◆ **Work to complete**
Exercise in exact copying: restate word for word only the lines below from the one containing "ステップ5:次のチェックボッ" through the one containing "Gıda güvenliğinin sağlanmasında", omitting any pictures.

Data to use START

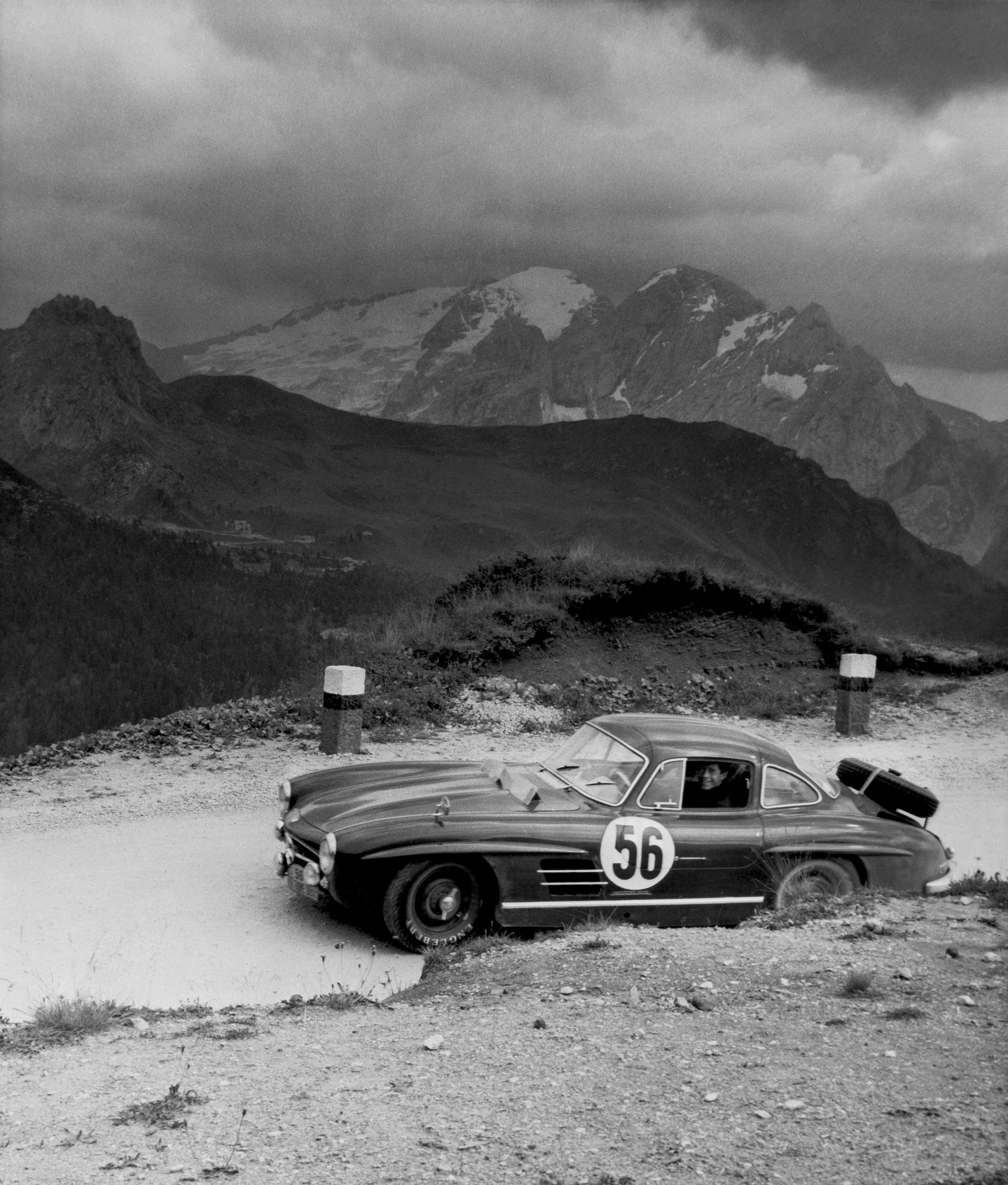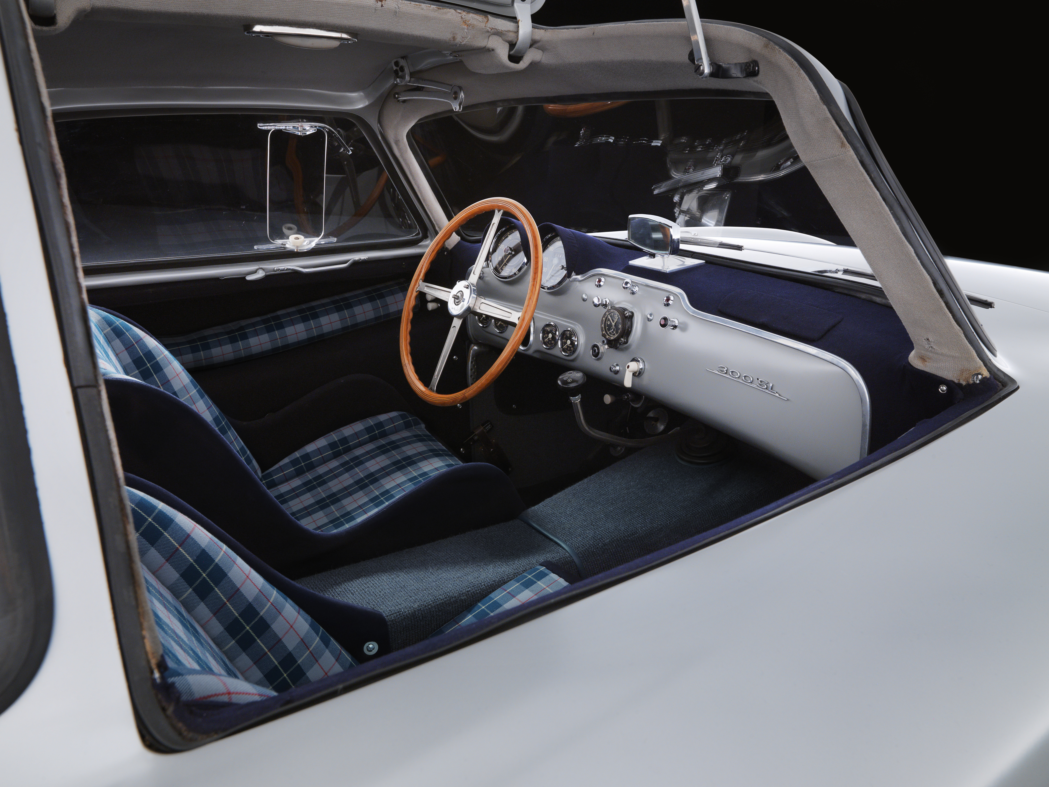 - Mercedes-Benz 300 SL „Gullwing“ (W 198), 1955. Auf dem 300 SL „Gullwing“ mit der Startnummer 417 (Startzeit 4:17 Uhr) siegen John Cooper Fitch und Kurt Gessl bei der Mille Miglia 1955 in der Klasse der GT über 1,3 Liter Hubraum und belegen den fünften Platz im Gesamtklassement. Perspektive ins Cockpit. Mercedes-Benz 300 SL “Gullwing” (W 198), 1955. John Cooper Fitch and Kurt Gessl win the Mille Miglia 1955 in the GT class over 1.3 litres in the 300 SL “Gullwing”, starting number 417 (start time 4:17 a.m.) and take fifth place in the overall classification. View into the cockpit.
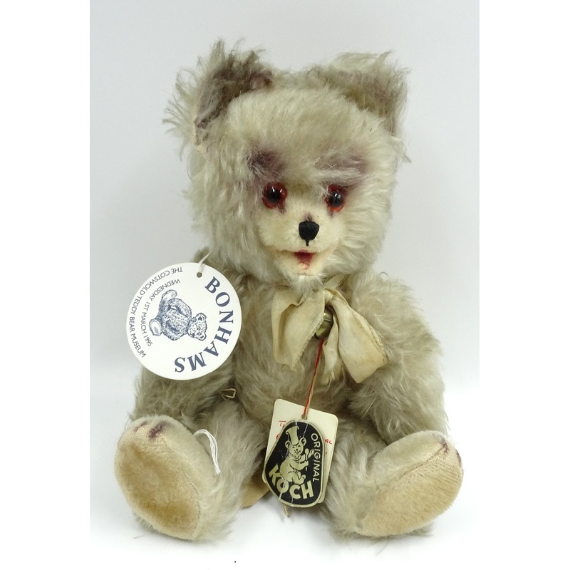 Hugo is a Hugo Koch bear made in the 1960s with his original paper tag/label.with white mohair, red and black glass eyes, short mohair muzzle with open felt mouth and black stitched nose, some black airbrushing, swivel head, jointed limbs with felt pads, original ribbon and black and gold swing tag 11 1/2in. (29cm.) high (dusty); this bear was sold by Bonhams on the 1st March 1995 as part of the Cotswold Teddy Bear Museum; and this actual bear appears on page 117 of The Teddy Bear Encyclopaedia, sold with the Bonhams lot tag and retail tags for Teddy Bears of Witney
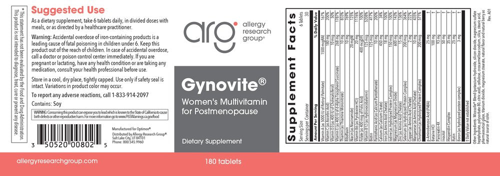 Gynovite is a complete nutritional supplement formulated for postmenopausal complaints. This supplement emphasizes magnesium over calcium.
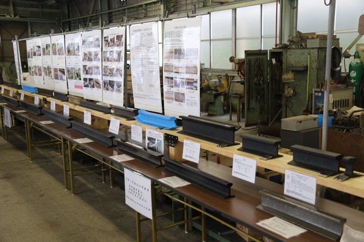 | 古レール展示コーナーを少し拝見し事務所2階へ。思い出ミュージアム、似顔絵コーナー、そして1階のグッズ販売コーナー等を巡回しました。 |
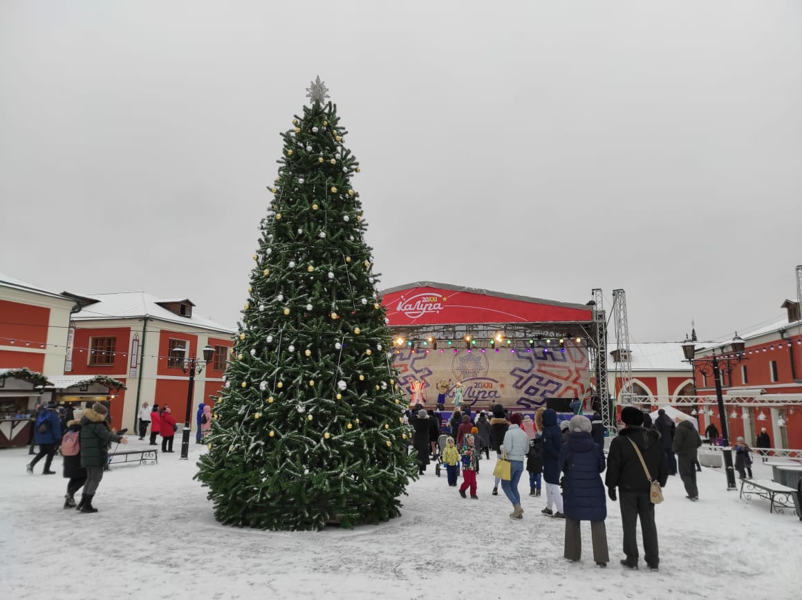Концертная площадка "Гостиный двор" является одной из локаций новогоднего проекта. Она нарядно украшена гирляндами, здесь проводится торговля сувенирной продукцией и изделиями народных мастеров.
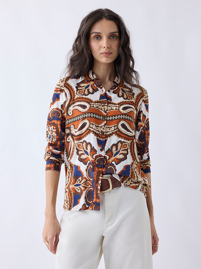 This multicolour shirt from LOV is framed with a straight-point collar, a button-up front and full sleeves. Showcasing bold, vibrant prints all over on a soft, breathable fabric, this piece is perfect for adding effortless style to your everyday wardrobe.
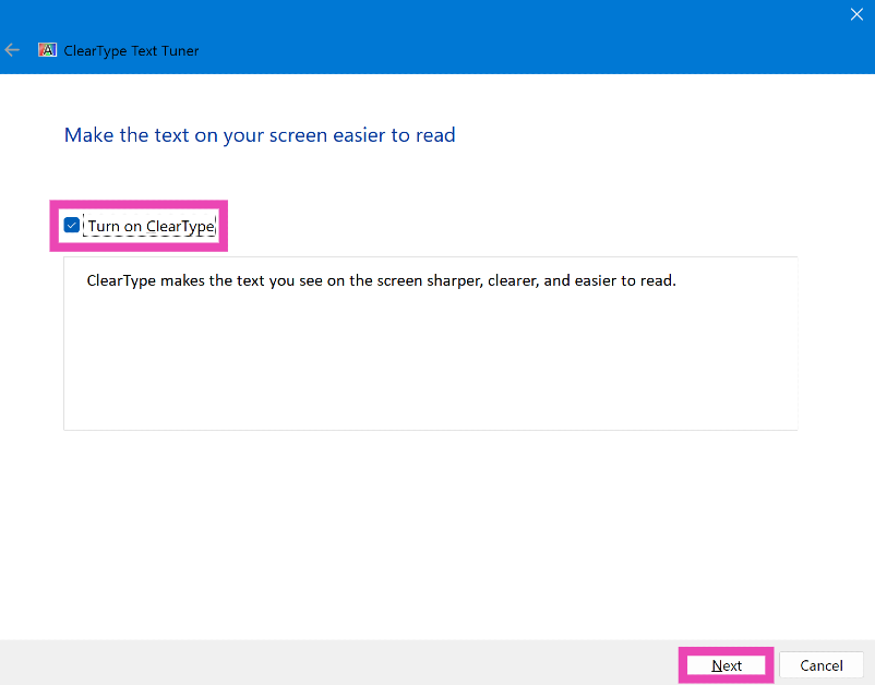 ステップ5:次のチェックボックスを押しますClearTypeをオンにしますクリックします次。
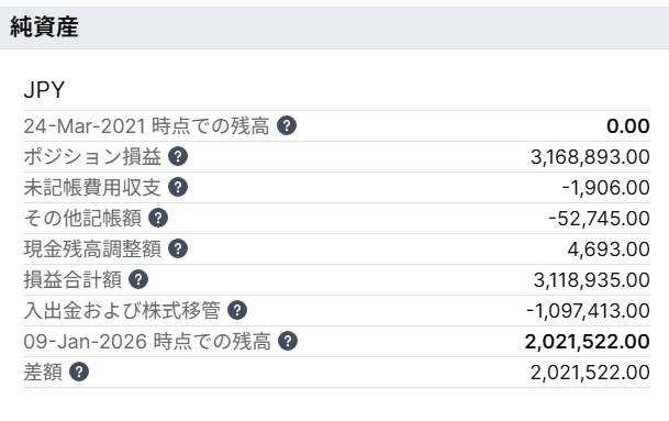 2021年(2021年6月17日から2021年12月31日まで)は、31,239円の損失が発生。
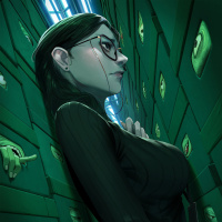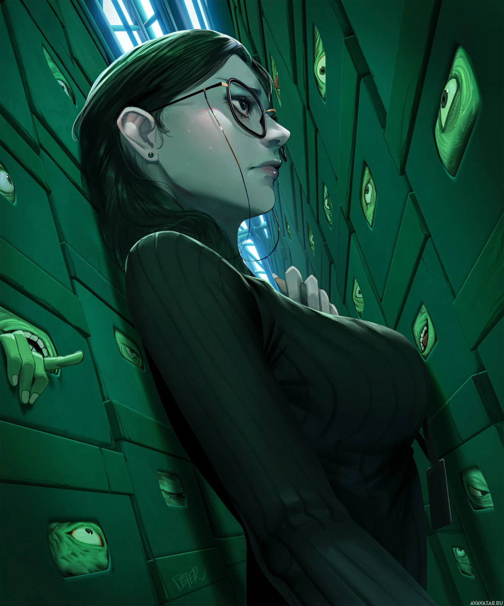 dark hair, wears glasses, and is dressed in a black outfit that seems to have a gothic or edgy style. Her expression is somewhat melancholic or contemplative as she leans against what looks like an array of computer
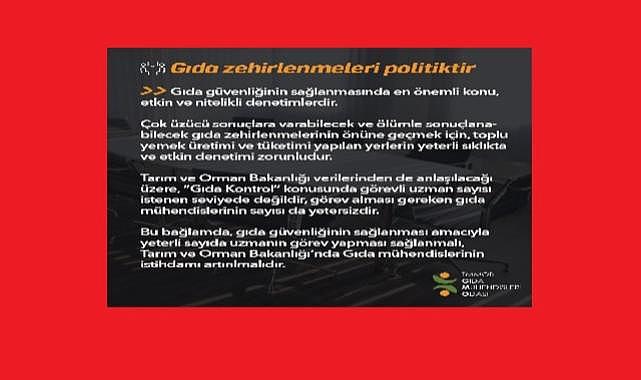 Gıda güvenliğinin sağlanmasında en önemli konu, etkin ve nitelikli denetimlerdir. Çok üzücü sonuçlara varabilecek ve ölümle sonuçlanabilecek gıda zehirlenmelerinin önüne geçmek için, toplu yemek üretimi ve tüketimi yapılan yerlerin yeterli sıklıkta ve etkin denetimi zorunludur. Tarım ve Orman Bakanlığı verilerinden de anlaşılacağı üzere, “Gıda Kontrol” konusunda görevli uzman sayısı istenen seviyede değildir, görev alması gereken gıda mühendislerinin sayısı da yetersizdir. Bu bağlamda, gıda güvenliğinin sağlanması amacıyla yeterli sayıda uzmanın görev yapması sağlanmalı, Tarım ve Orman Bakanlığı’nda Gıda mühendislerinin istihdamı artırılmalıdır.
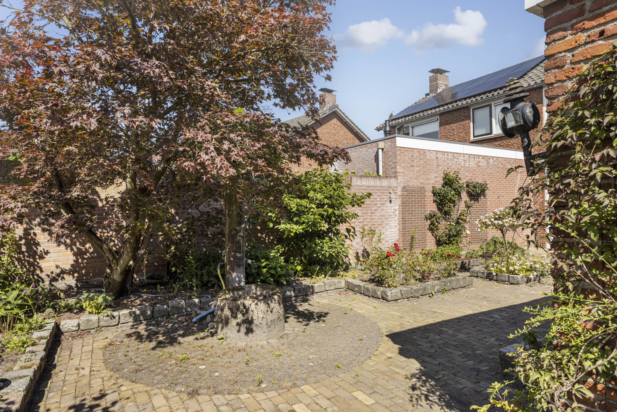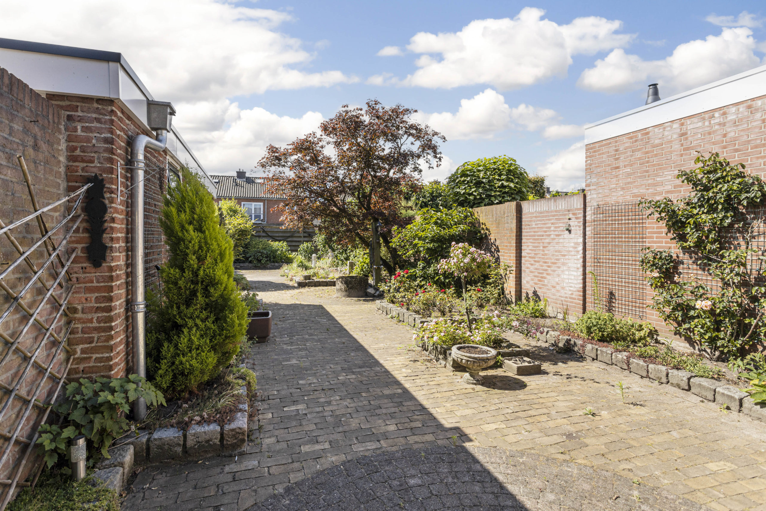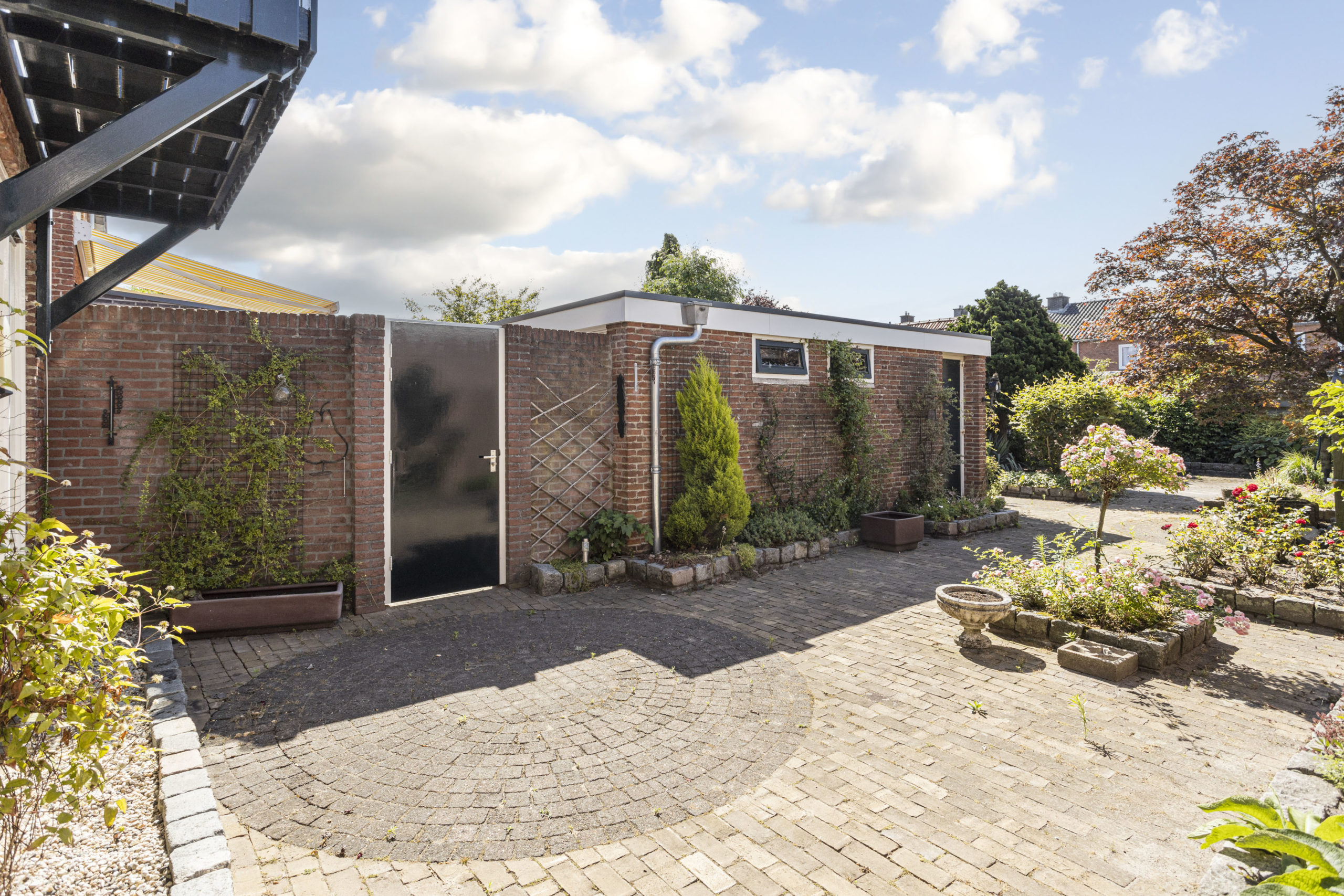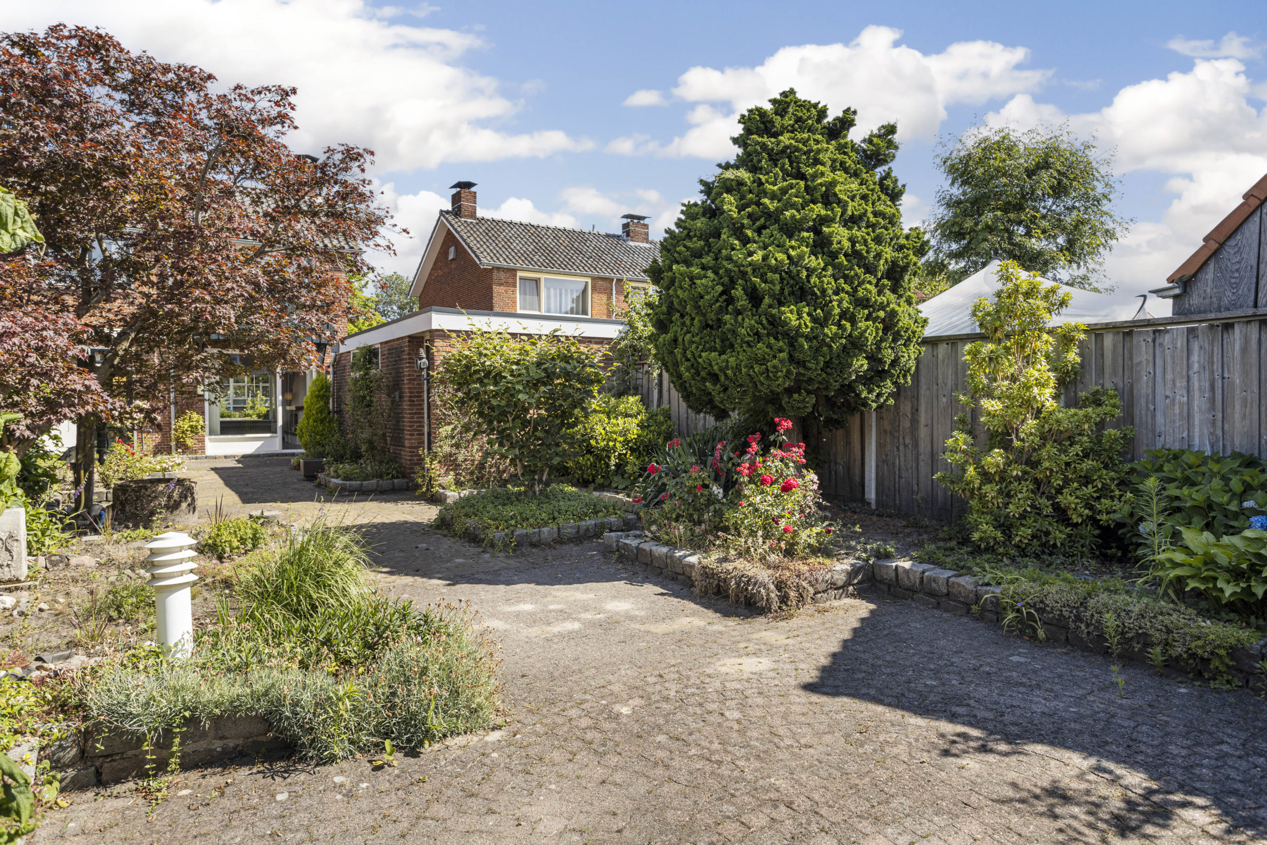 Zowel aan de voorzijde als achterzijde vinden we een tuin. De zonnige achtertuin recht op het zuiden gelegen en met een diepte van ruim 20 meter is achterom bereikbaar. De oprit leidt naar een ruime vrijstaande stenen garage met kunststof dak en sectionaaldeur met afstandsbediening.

Data to use END

◆ **Exercise output**
 ステップ5:次のチェックボックスを押しますClearTypeをオンにしますクリックします次。
 2021年(2021年6月17日から2021年12月31日まで)は、31,239円の損失が発生。
 dark hair, wears glasses, and is dressed in a black outfit that seems to have a gothic or edgy style. Her expression is somewhat melancholic or contemplative as she leans against what looks like an array of computer
 Gıda güvenliğinin sağlanmasında en önemli konu, etkin ve nitelikli denetimlerdir. Çok üzücü sonuçlara varabilecek ve ölümle sonuçlanabilecek gıda zehirlenmelerinin önüne geçmek için, toplu yemek üretimi ve tüketimi yapılan yerlerin yeterli sıklıkta ve etkin denetimi zorunludur. Tarım ve Orman Bakanlığı verilerinden de anlaşılacağı üzere, “Gıda Kontrol” konusunda görevli uzman sayısı istenen seviyede değildir, görev alması gereken gıda mühendislerinin sayısı da yetersizdir. Bu bağlamda, gıda güvenliğinin sağlanması amacıyla yeterli sayıda uzmanın görev yapması sağlanmalı, Tarım ve Orman Bakanlığı’nda Gıda mühendislerinin istihdamı artırılmalıdır.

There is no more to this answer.